Bursa'nın Yunanlılar tarafından işgal edilip, Yunan subayının Osman Gazi'nin türbesini tekmeleyerek; ' Ey Osman, kurduğun devleti yıkmaya geldim, kalk haydi kurtar!' diye hakaret etmesi üzerine kaleme aldığı 'Bülbül' adlı şiirinde;
'Eşin var, âşiyânın var, baharın var, ki beklerdin;
Kıyametler koparmak neydi, ey bülbül, nedir derdin?
Niçin bir damlacık göğsünde bir umman hurûşandır?
Hayır, mâtem senin hakkın değil'Mâtem benim hakkım.'
Diyerek Türk Milleti'ni teselli etmekte, gözyaşlarını içine akıtarak, ağlamayı değil çalışmayı ve mücadele etmeyi teşvik etmektedir.
Ve başka bir şiirinde;
'Feryadı bırak, kendine gel, çünkü zaman dar'
Uğraş ki; telafi edecek bunca zarar var.'
Diyerek çalışmayıp, ter dökmeyip sadece ağlayan aciz insanları uyarmaktadır.

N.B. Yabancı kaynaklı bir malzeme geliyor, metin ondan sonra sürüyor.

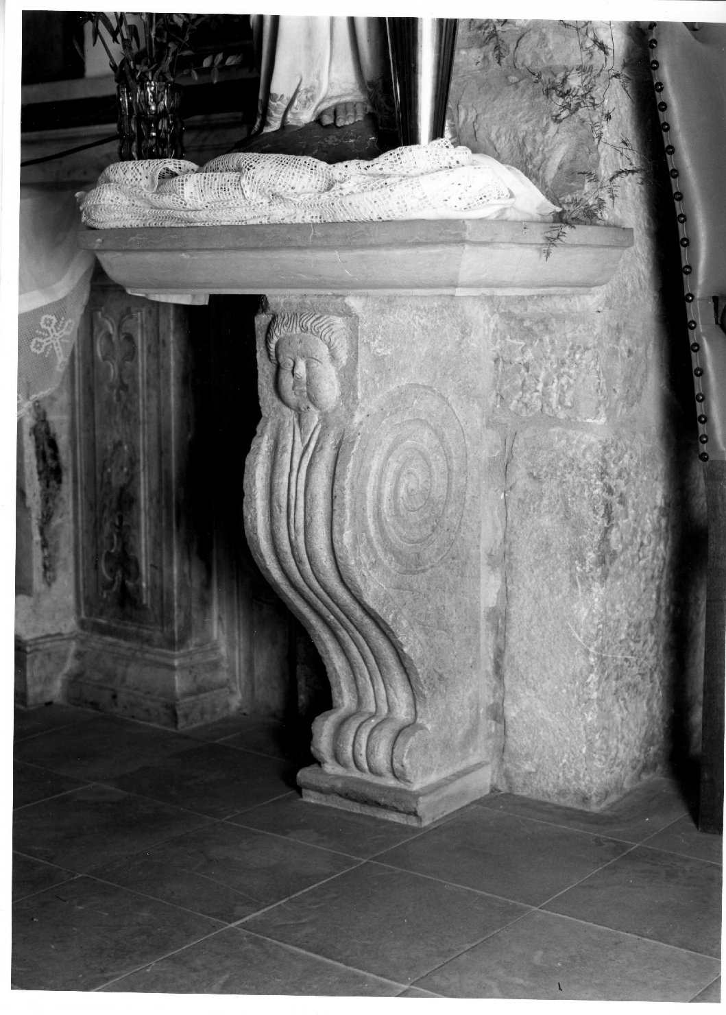 - NOTIZIE STORICO CRITICHE La mensola, con piano non pertinente, è stata recuperata sotto il pavimento della chiesa. La presenza della testina scolpita e il senso plastico delle volute suggeriscono una datazione al XVII secolo, anche se non è da escludersi l'impiego di tali modi stilistici nel secolo successivo

O, bu güzel hasletleri, elbette ki büyük bir hayranlık duyduğu ve hayatı boyunca tek ölçü olarak örnek alıp büyük bir aşkla bağlandığı o büyük Nebi,  Resul-ü Zişan(S.A.V.)  Efendimiz' den almış, ömrü boyunca da büyük bir itinayla tatbik etmiştir.
Başka şiirlerimiz ve şairlerimiz de vardır elbette. Gençlik yıllarımızda dilimizden düşürmediğimiz 'LEKE' adlı şiirin ilerleyen bölümlerinde de şair aynı inançla haykırmaktadır;
'İnsan denmez; bir avuç yal için yerlerde sürünene,
  İnsan denmez; sesinden ürküp de dev görünene,
  İnsan denmez; hedefi görüp de diz çökmeyene,
  İnsan denmez; gözyaşı döküp de ter dökmeyene.'
Bir başka şairimiz; Halim Yağcıoğlu da, 'Atatürk'ten Son Mektup' adlı şiirinde bakın nasıl sesleniyor;
'Halâ on kasımlarda oturmuş bana ağlıyorsunuz,
Ve eskimiş sözlerle beni övüyor övüyorsunuz.
Bırakın o altın yaprağı artık bırakın, bırakın,
Siz bana neler yaptınız; onlardan haber verin,
Hakkından gelebildiniz mi yokluğun sefaletin?'
Evet ağlamak, sadece ağlamak ve avunmak. Aciz insanlara has özelliklerdir.
Atatürk te demiyor mu?
'Çalışmadan, yorulmadan, üretmeden, rahat yaşamayı alışkanlık haline getirmiş milletler; evvela haysiyetlerini, sonra hürriyetlerini, daha sonra da istiklâl ve istikballerini kaybetmeye mahkûmdurlar.'
Ağlamadan, ağlanacak ve acınacak durumlara düşmeden, düşünerek ve tartarak konuşan, fikir ve iş üreten, birbirine saygılı, kibar ve zarif insanlar olarak yaşayabilen insanların oluşturduğu medeni bir toplum olabilmek dileğiyle.